The regression results here suggest that female identified persons earn on average 0.55 less than male identified persons and, as a result, on average female identified persons earn 10.8 - 0.55 = 10.25.

In other words, the coefficient on the female variable shows the mean difference in log-earnings relative to males. \(\hat{β}_1\) thus provides the measure of the raw gender gap.

**Note:** We are only able to state this result because the p-value for both \(\hat{β}_0\) and \(\hat{β}_1\) is less than 0.05, allowing us to reject the null hypothesis that \(β_0 = 0\) and \(β_1 = 0\) at 95% confidence level.

The interpretation remains the same once we control for more variables, although it is ceteris paribus (holding constant) the other observables in the regression.

`summary(lm(data=fake_data, log_earnings ~ female + age))`

In this case, among people that are the same age, the gender gap is (not surprisingly) slightly smaller than in our previous regression. That is expected since previously we compared all females to all males irrespective of the composition of age groups in those two categories of workers. As we control for age, we can see that this differential decreases.

## 12.3 Dummy Variables with Multiple Categories

The previous section also holds when there is a variable with multiple categories, as is the case for region.

`lm(data=fake_data, log_earnings ~ as.factor(region))`

Notice that the sum of the five dummies in any row is equal to 1. This is because every worker is located in exactly one region. If we included all of the regional dummies in a regression we would introduce the problem of multi-collinearity: the full set of dummy variables are perfectly correlated. Think about it this way - if a person is in region 1 (regdummy1 = 1) then we know that the person is not in region 2 (regdummy2 = 0). Therefore being in region 1 predicts not being in region 2.

We must always exclude one of the dummies. Failing to do so means falling into the **dummy variable trap** of perfect collinearity described above. To avoid this, choose one region to serve as a base level for which you will not define a dummy. This dummy variable that you exclude will be the category of reference, or base level, when interpreting coefficients in the regression. That is, the coefficient on each region dummy variable will be comparing the mean earnings of people in that region to the mean earnings of people in the one region excluded.

We have actually already seen this approach in action in the regression we ran above; there we didn’t add a separate dummy variable for “male”. Instead, we essentially excluded the male dummy variable and interpreted the coefficient on “female” as the difference between female and male log-earnings.

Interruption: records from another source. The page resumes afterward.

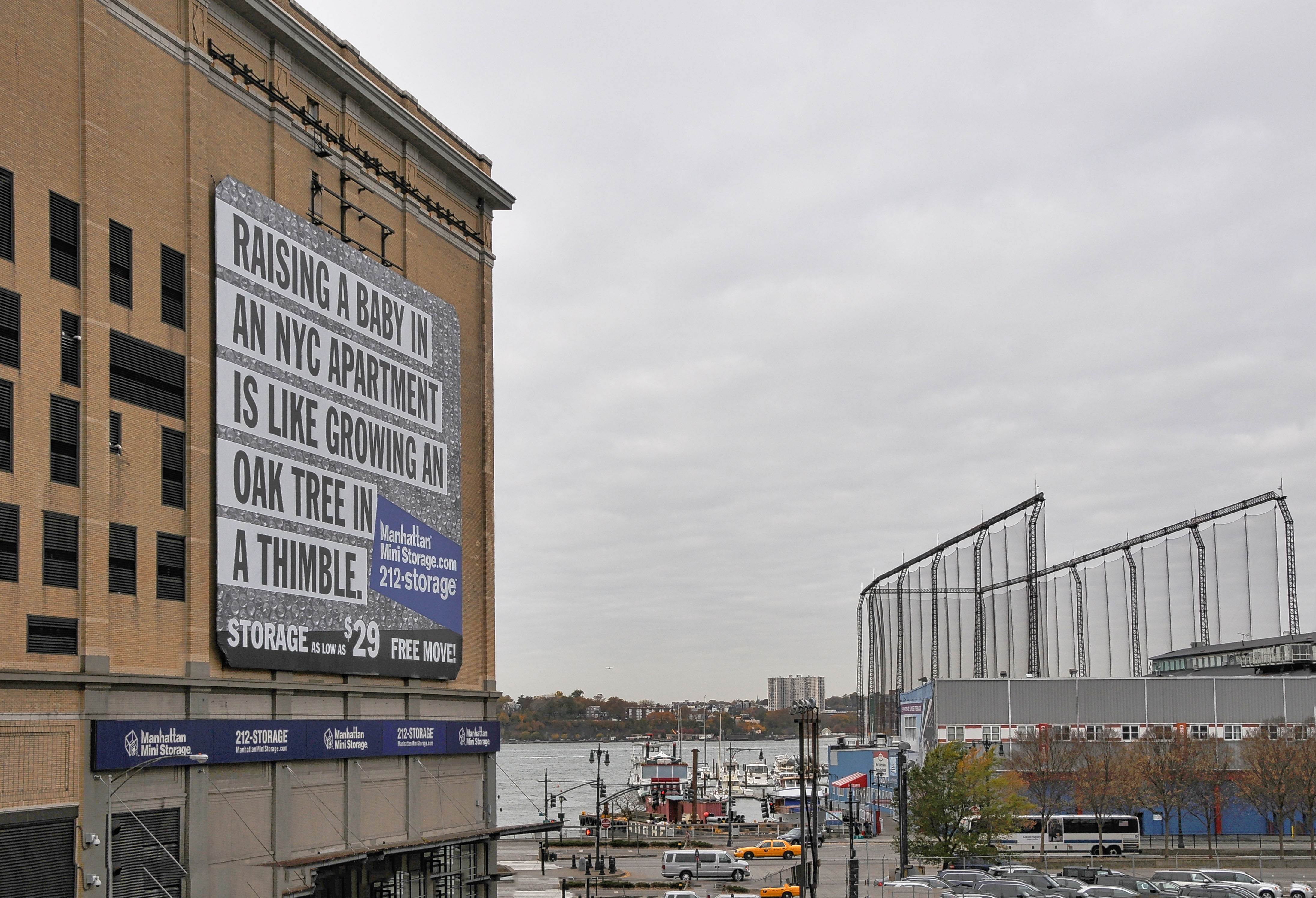 I love the advertisement on the side of the building. I believe that is a golf driving range in the distance.
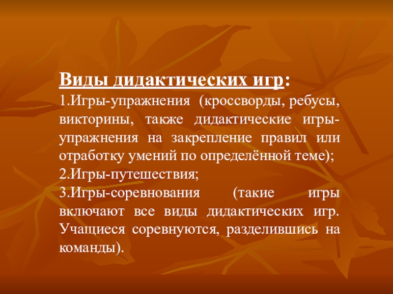 3.Игры-соревнования (такие игры включают все виды дидактических игр. Учащиеся соревнуются, разделившись на команды).
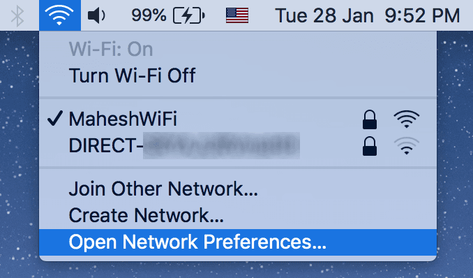- Haz clic(Click) en el ícono WiFi(WiFi icon) en la barra de menú de Mac(Mac menu) y selecciona la opción que dice Abrir preferencias de red(Open Network Preferences) . Abre la configuración de su red.

You may have noticed that R drops the first region dummy (region = 1) and includes dummy variables for the regions 2 - 5.

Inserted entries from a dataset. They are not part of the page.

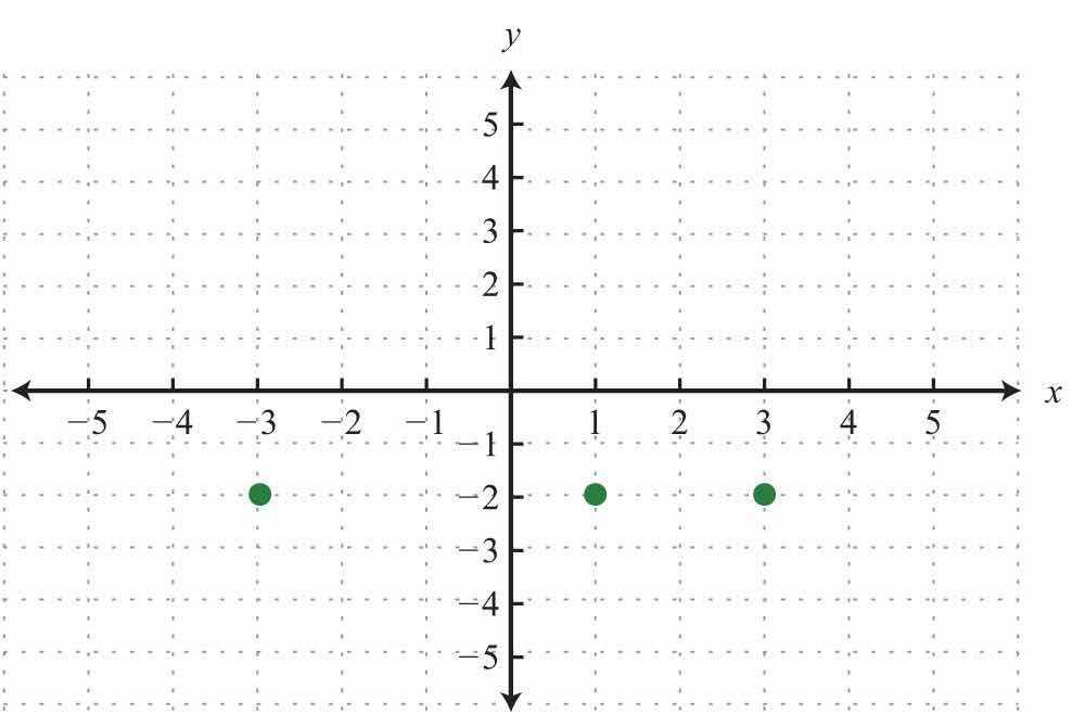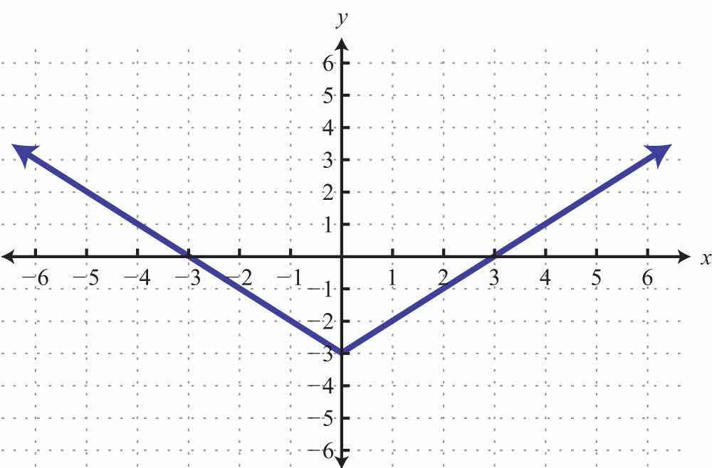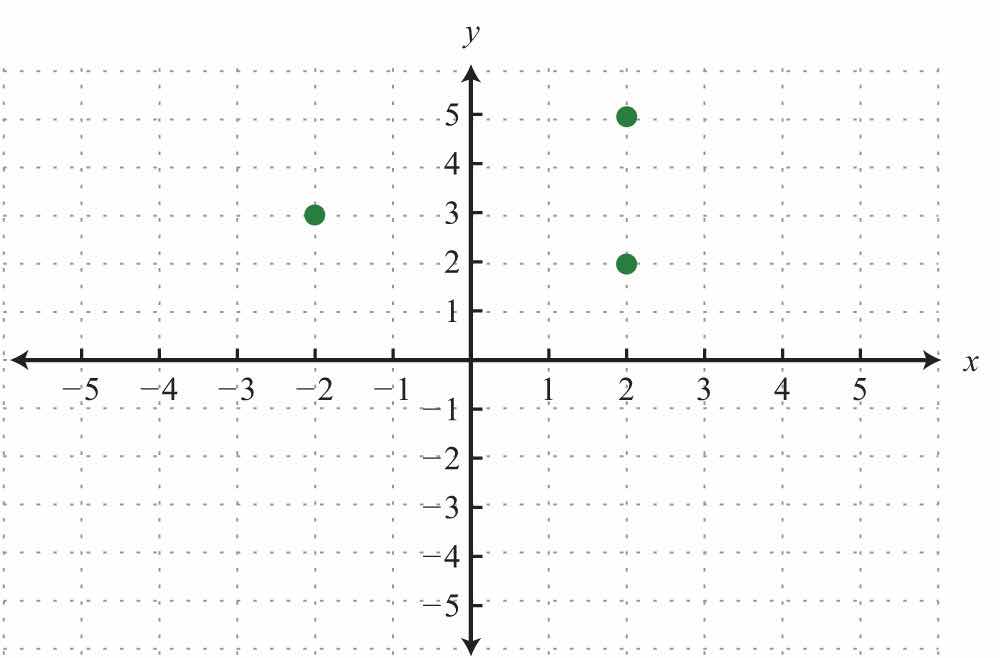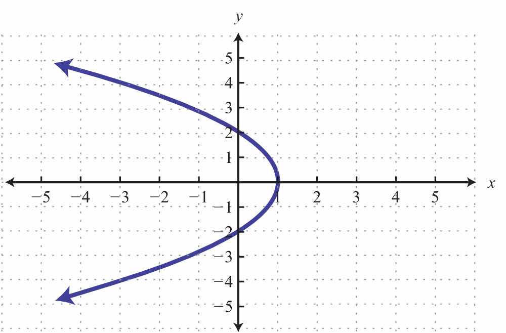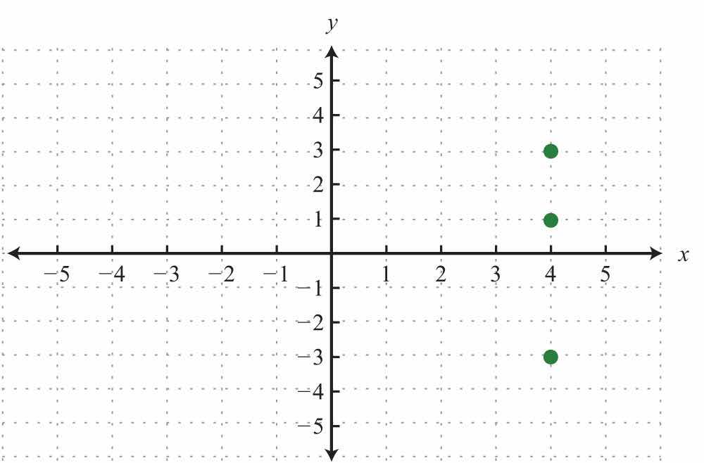 Here the graph represents a relation where many x-values in the domain correspond to two y-values. If we draw a vertical line, as illustrated, we can see that (3, 2) and (3, −2) are two ordered pairs with the same x-value. Therefore, the x-value 3 corresponds to two y-values; hence the graph does not represent a function. The illustration suggests that if any vertical line intersects a graph more than once, then the graph does not represent a function. This is called the vertical line testIf a vertical line intersects a graph more than once, then the graph does not represent a function..
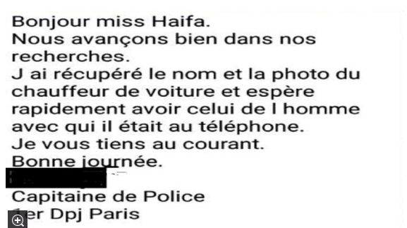 وفي ما يلي جزء من الرسائل الصادرة عن الشرطة الفرنسية والموجهة لهيفا:
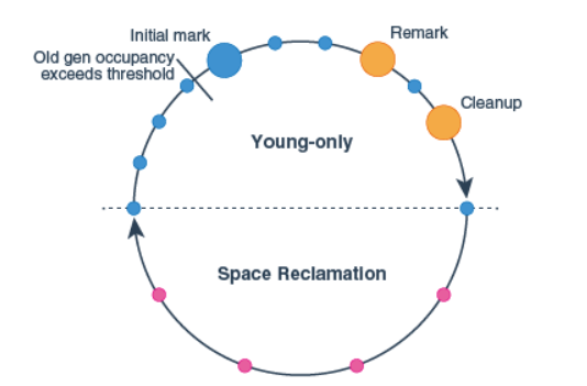 初始标记:这个过程除了普通的 young-only GC 外,还会开始并发标记过程,这个过程决定了被标记的老年代存活对象在下一次space-reclamation阶段会被保留。这个过程不会STW,有可能标记还没有结束普通的 young-only GC 就开始了。这个标记过程需要在重新标记(Remark)和清理(Cleanup)两个过程后才能结束。

We can use the same trick as the previous section to change the reference group! Let’s change the reference group to 3.

`<- fake_data %>% mutate(region = relevel(as.factor(region), 3)) fake_data `

`summary(lm(data = fake_data, log_earnings ~ region))`

When interpreting the coefficients in the regression above, our intercept is again the mean log earnings among those for which all dummies in the regression are 0; here, that is the mean earnings for all people in region 3. Each individual coefficient gives the difference in average log earnings among people in that region and in region 3. For instance, the mean log earnings in region 1 are about 0.012 higher than in region 3, and the mean log earnings in region 2 are about 0.017 lower than in region 3. Both of these differences are statistically significant at a high level (> 99%).

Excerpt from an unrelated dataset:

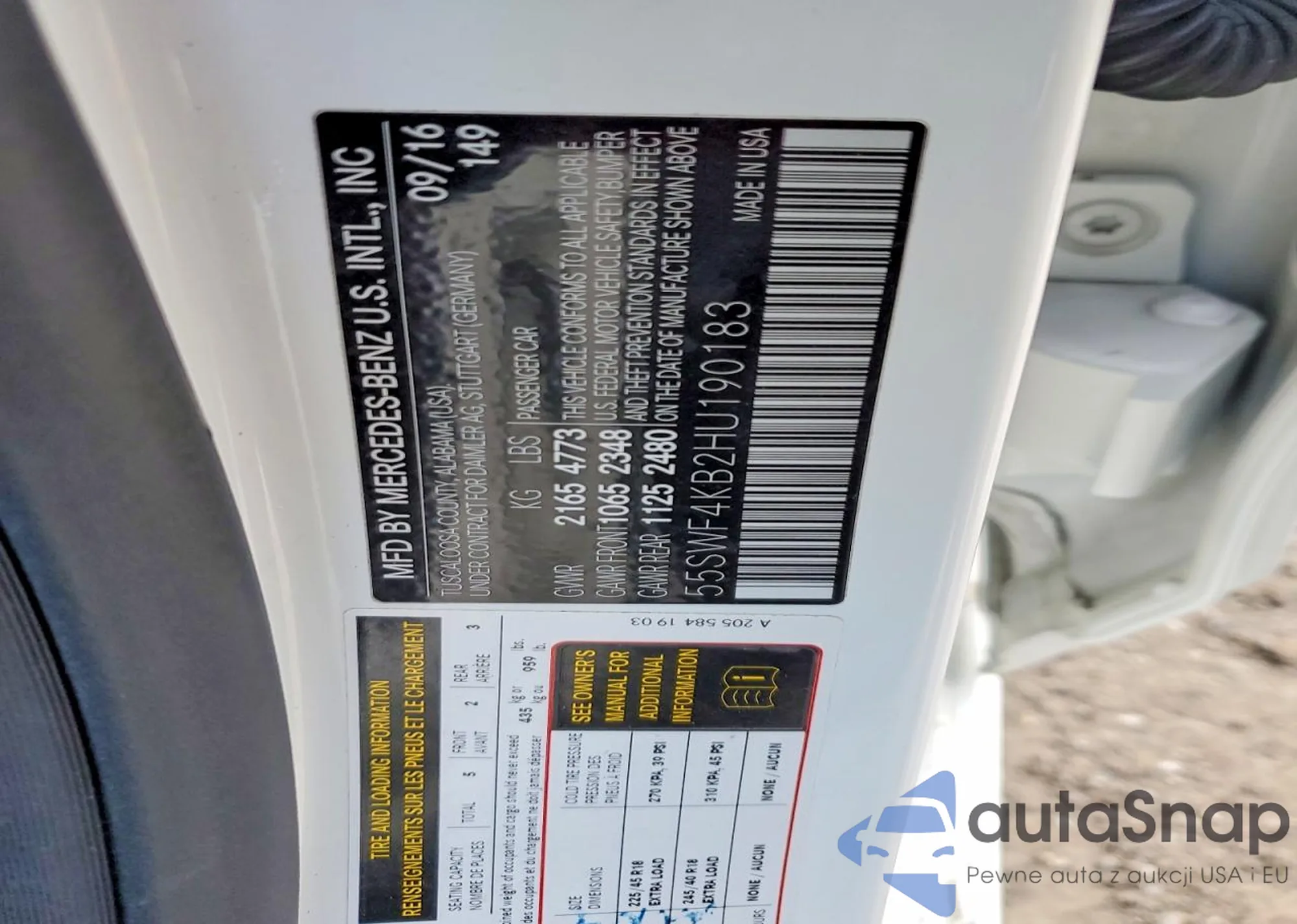 Samochód Mercedes-Benz C-klasse 2017 (VIN 55SWF4KB2HU190183) sprzedaje go niezweryfikowany sprzedawca. Zalecamy raport Carfax i potwierdzenie możliwości rejestracji pojazdu przed zakupem.
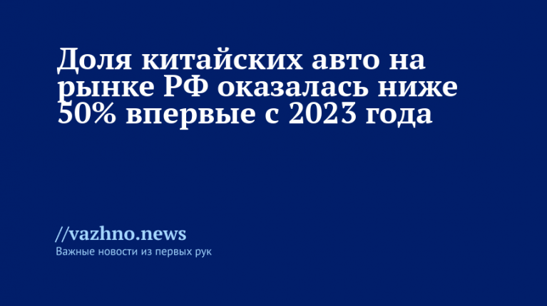 В октябре этого года доля новых легковых автомобилей китайских марок, реализованных на российском рынке, составила 49,6% от общего объема продаж (82,2 тыс. единиц). Впервые ниже уровня в 50% этот показатель отмечался более двух лет назад, отмечает аналитическое агентство «Автостат» в материале от 19 ноября.

It follows from this logic of interpretation that we can compare mean earnings among non-reference groups. For example, the meaning log earnings in region 3 are given by the intercept coefficient: about 10.49. Since the mean log earnings in region 1 are about 0.012 higher than this, they must be about 10.49 + 0.012 = 10.502. In region 2, the mean log earnings are similarly about 10.49 - 0.017 = 10.473. We can thus conclude that the mean log earnings in region 1 are about 10.502 - 10.473 = 0.029 higher than in region 2. In this way, we compared the levels of the dependent variable for 2 dummy variables, neither of which are in the reference group excluded from the regression. One could imagine that we could have much more quickly compared the levels of these groups by comparing their deviations from the base group. Region 1 has mean log earnings about 0.012 above a reference level, while region 2 has mean log earnings about 0.017 below this same reference level; thus, region 1 should have mean log earnings about 0.012 - (-0.017) = 0.029 above region 2.

## 12.4 Interactions

It is an established fact that a wage gap exists between male and female workers. However, it is possible that the wage gap changes depending on the age of the workers. For example, female and male high school students tend to work minimum wage jobs, hence we might believe that the wage gap between people within the 15-18 age bracket is very small. Conversely, once people have the experience to start looking for better paying jobs, we might believe the wage gap starts to increase, meaning that this gap might be much larger in higher age brackets. This means that the wage gap between males and females may also vary as age increases. The way to capture that differential effect of age across males and females is to create a new variable that is the product of the female dummy and age.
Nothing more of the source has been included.